**Exercise brief:**
Every line of the data below should be repeated exactly, and no picture should be copied.

**Recorded information:**

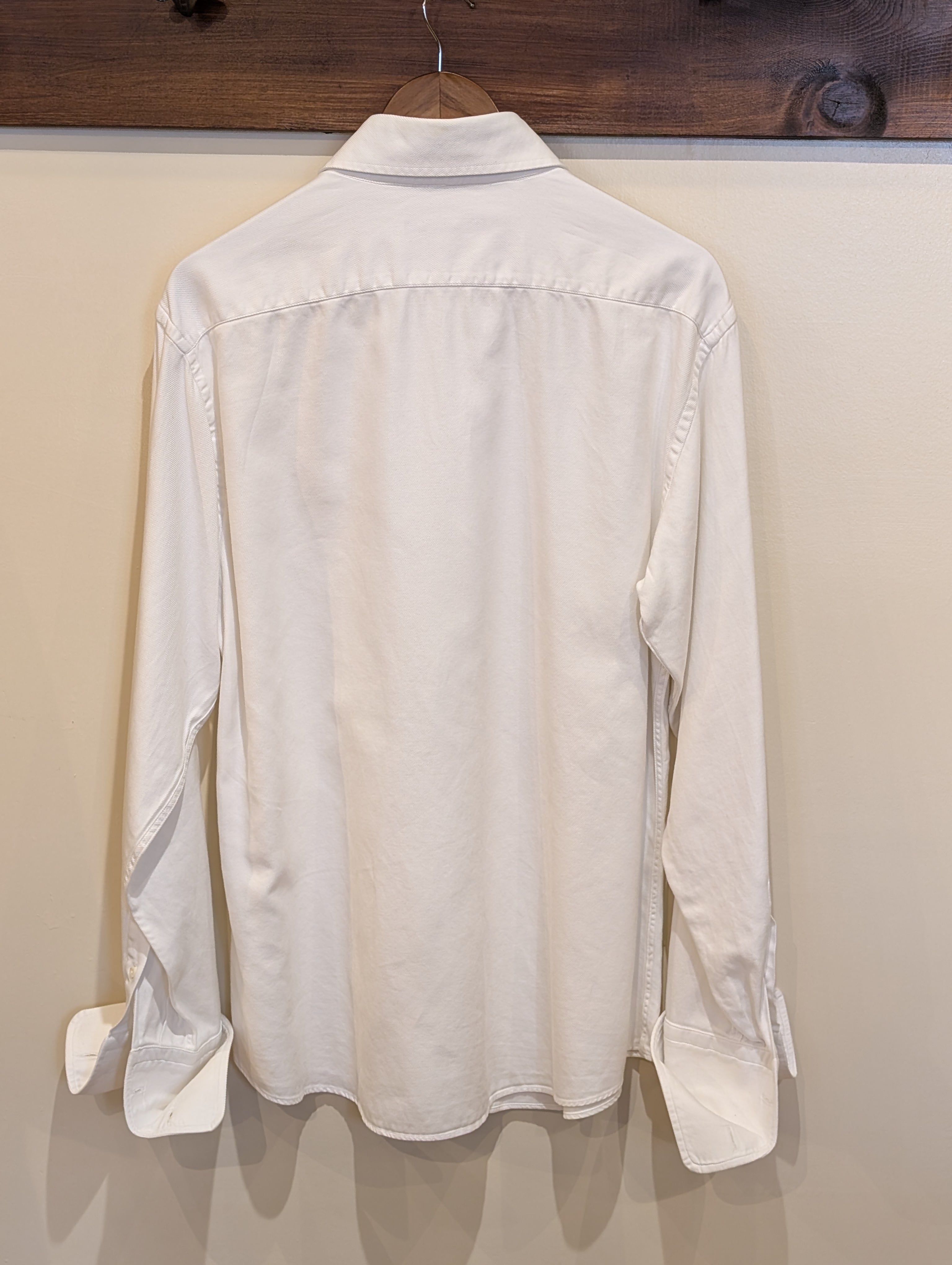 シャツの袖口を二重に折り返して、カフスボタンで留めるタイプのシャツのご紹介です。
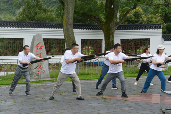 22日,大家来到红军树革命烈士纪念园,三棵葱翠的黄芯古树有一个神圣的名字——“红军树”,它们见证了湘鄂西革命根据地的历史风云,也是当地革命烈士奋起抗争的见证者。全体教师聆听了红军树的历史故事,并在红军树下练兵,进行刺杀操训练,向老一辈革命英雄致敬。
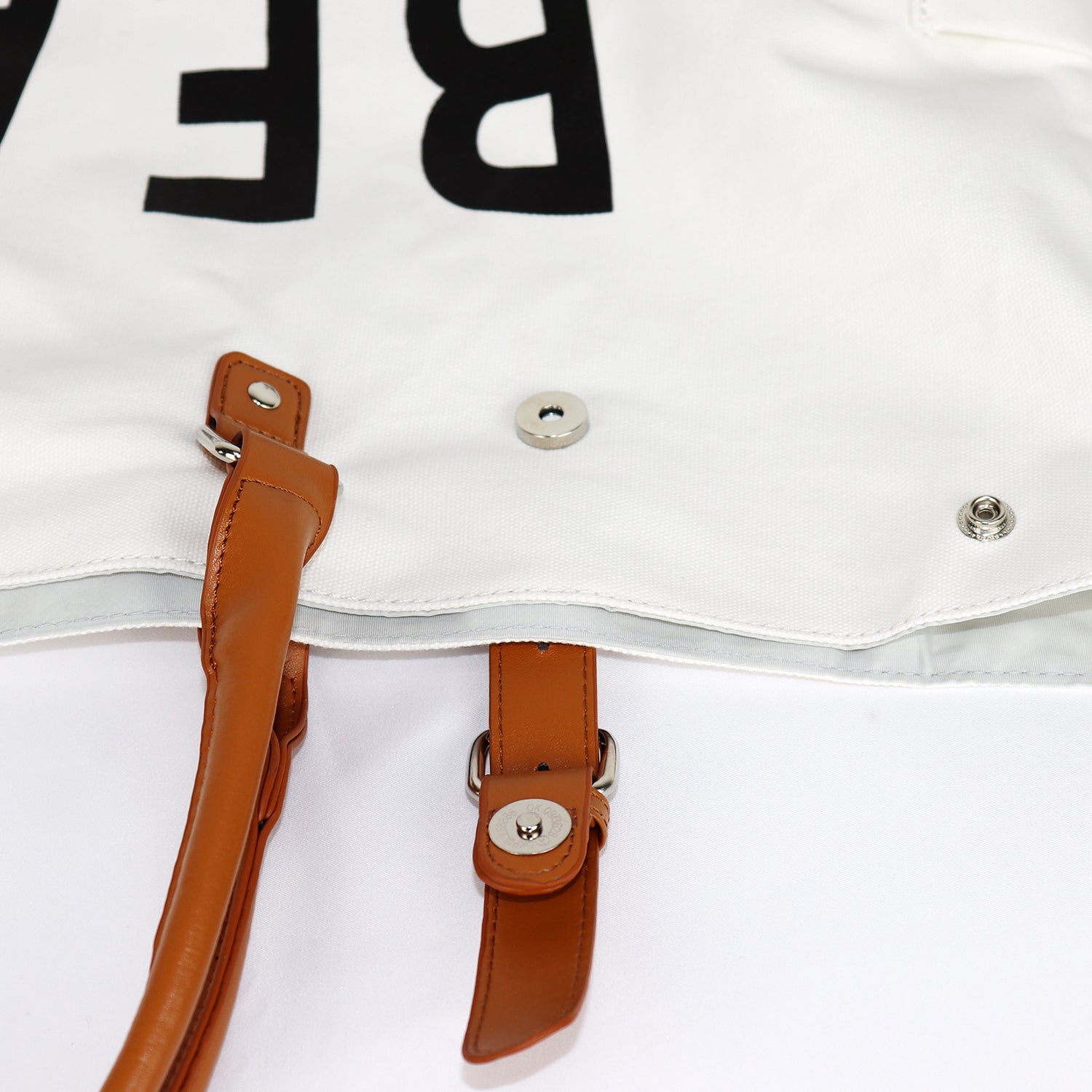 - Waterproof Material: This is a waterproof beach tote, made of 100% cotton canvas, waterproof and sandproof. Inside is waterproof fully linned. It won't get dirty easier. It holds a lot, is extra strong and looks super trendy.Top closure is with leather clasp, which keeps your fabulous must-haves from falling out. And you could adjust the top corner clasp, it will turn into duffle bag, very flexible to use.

**Reply:**
 シャツの袖口を二重に折り返して、カフスボタンで留めるタイプのシャツのご紹介です。
 22日,大家来到红军树革命烈士纪念园,三棵葱翠的黄芯古树有一个神圣的名字——“红军树”,它们见证了湘鄂西革命根据地的历史风云,也是当地革命烈士奋起抗争的见证者。全体教师聆听了红军树的历史故事,并在红军树下练兵,进行刺杀操训练,向老一辈革命英雄致敬。
 - Waterproof Material: This is a waterproof beach tote, made of 100% cotton canvas, waterproof and sandproof. Inside is waterproof fully linned. It won't get dirty easier. It holds a lot, is extra strong and looks super trendy.Top closure is with leather clasp, which keeps your fabulous must-haves from falling out. And you could adjust the top corner clasp, it will turn into duffle bag, very flexible to use.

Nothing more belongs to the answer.